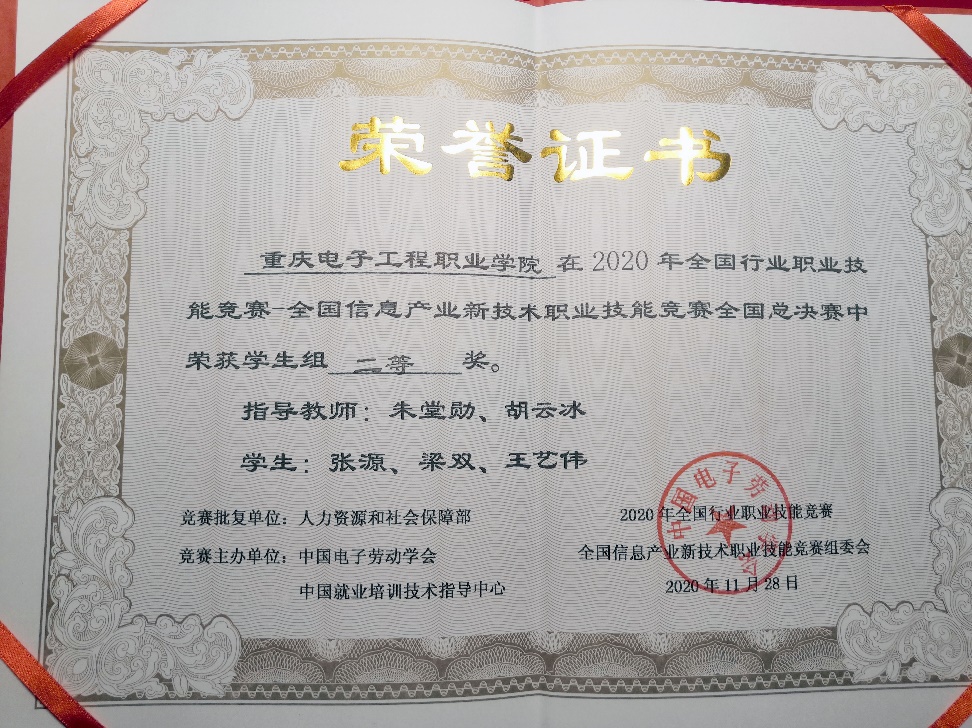 11月28日,公司英国365上市公司人工智能技术服务和移动互联应用技术专业骨干教师朱堂勋及胡云冰指导的张源、梁双等员工团队获得2020年全国行业职业技能竞赛全国信息产业新技术职业技能竞赛全国二等奖。
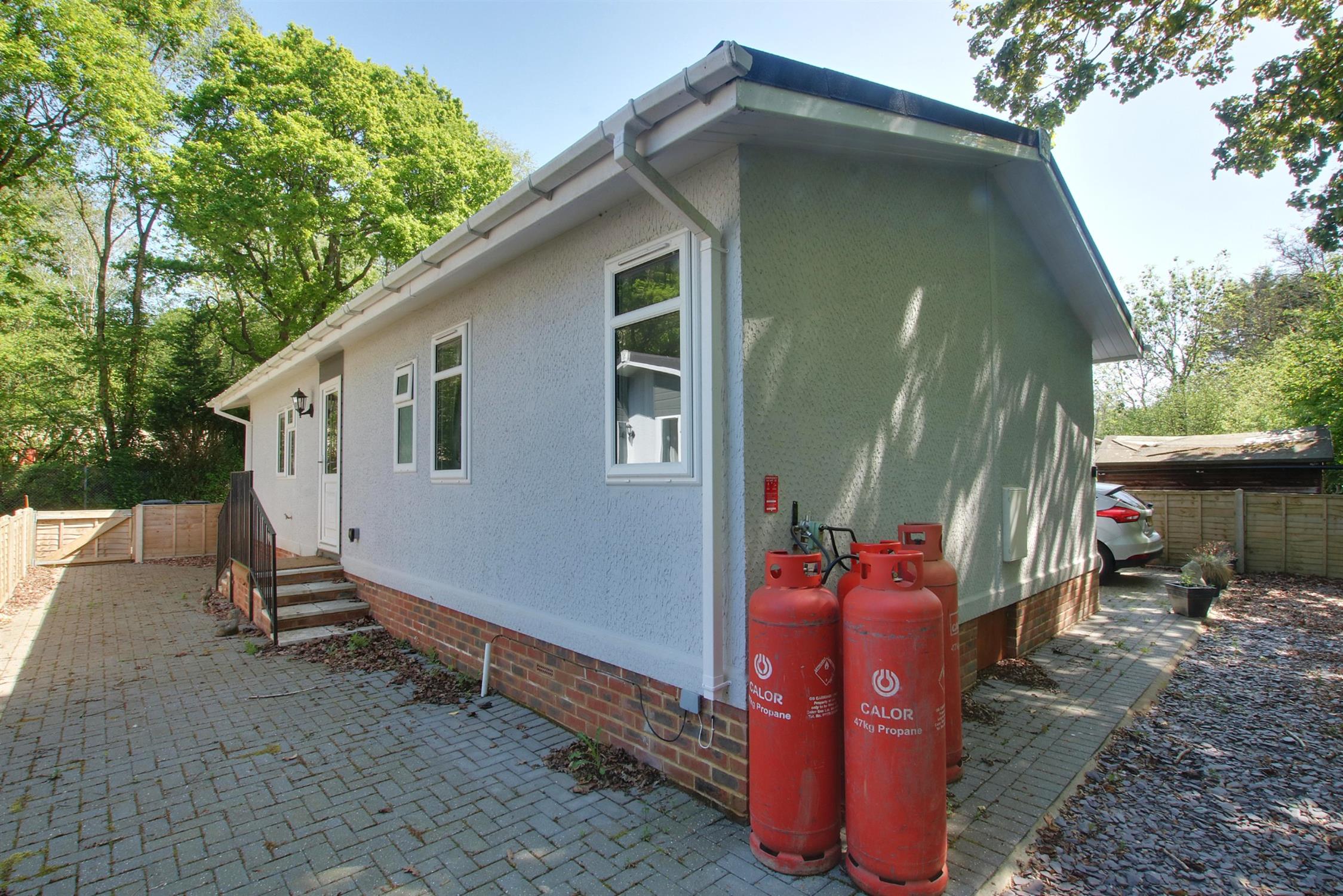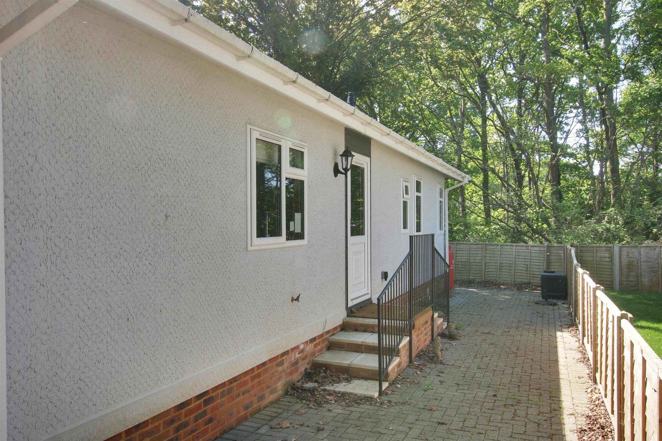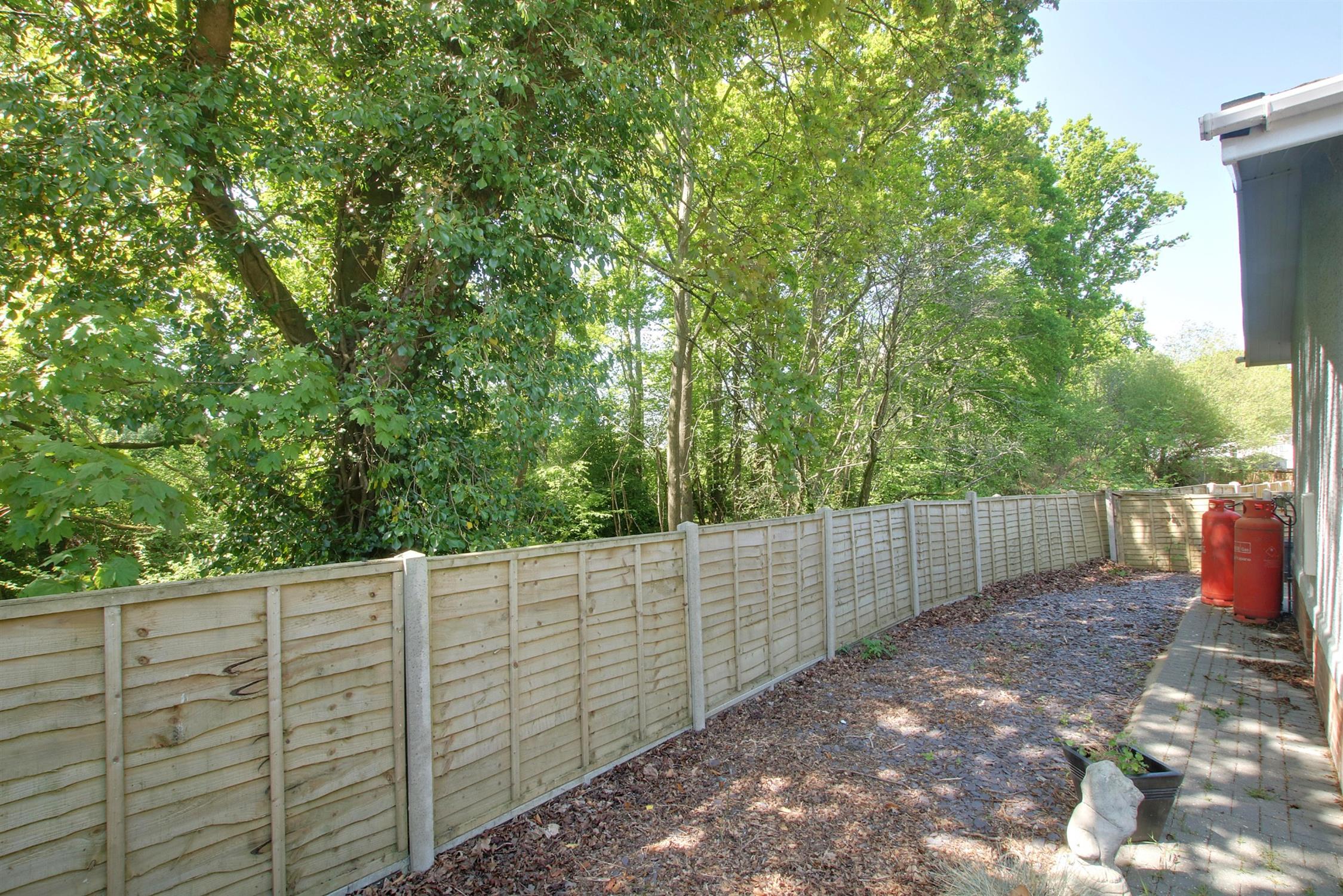 Driveway parking to the side for at least two cars, private area of garden to the rear backing onto light woodland extending around the other side of the property providing additional side access via the utility room.
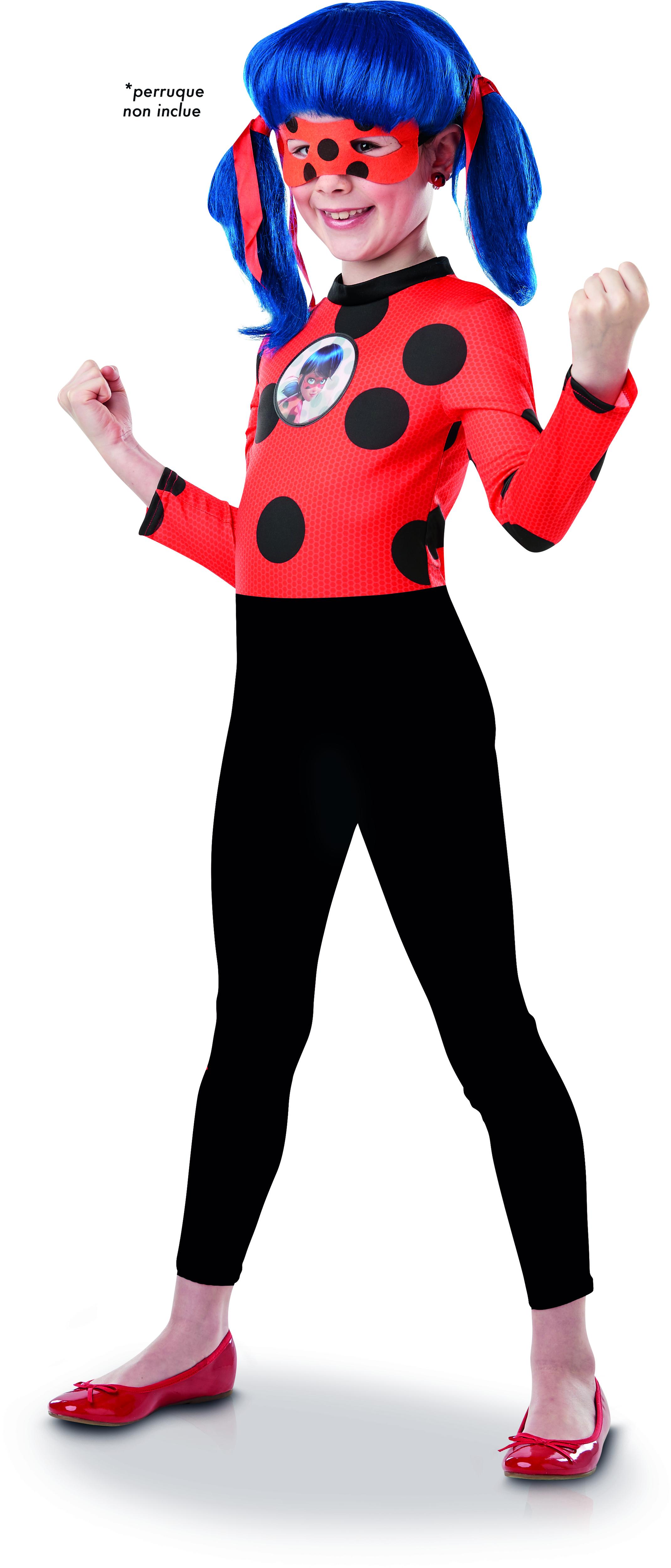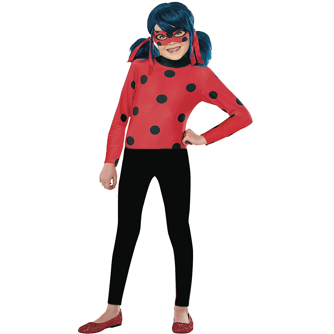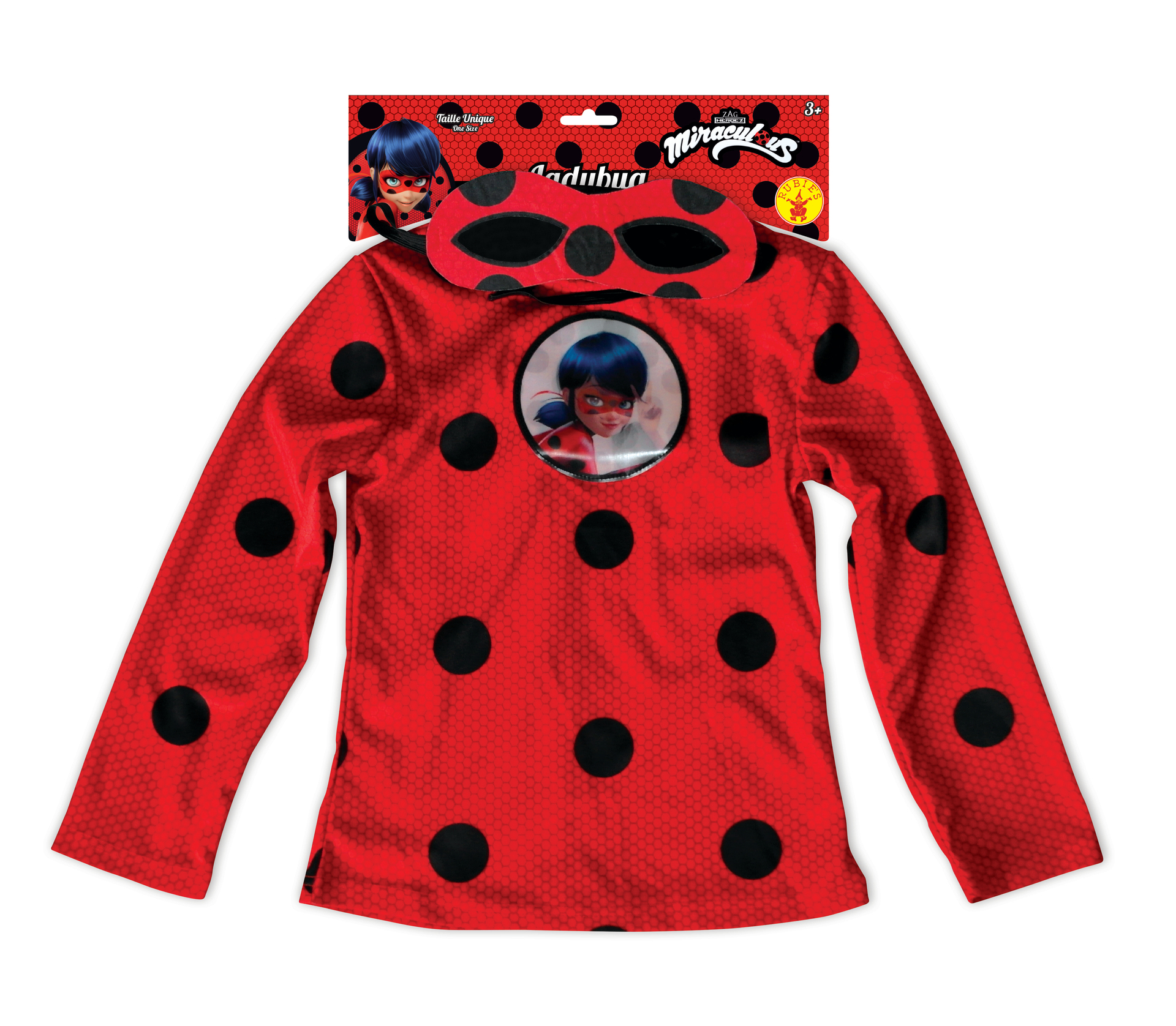 Un top à manches longues en jersey rouge à pois noirs avec portrait de Ladybug sur le buste. Un masque/loup en mousse assorti avec attache élastique à l’arrière

WHAT YOU HAVE TO DO
Would you restate, word for word and with no pictures, only the lines from the opening of the material through the line with "Driveway parking to", both included?

SOLUTION FOR THIS EXERCISE
 11月28日,公司英国365上市公司人工智能技术服务和移动互联应用技术专业骨干教师朱堂勋及胡云冰指导的张源、梁双等员工团队获得2020年全国行业职业技能竞赛全国信息产业新技术职业技能竞赛全国二等奖。
 Driveway parking to the side for at least two cars, private area of garden to the rear backing onto light woodland extending around the other side of the property providing additional side access via the utility room.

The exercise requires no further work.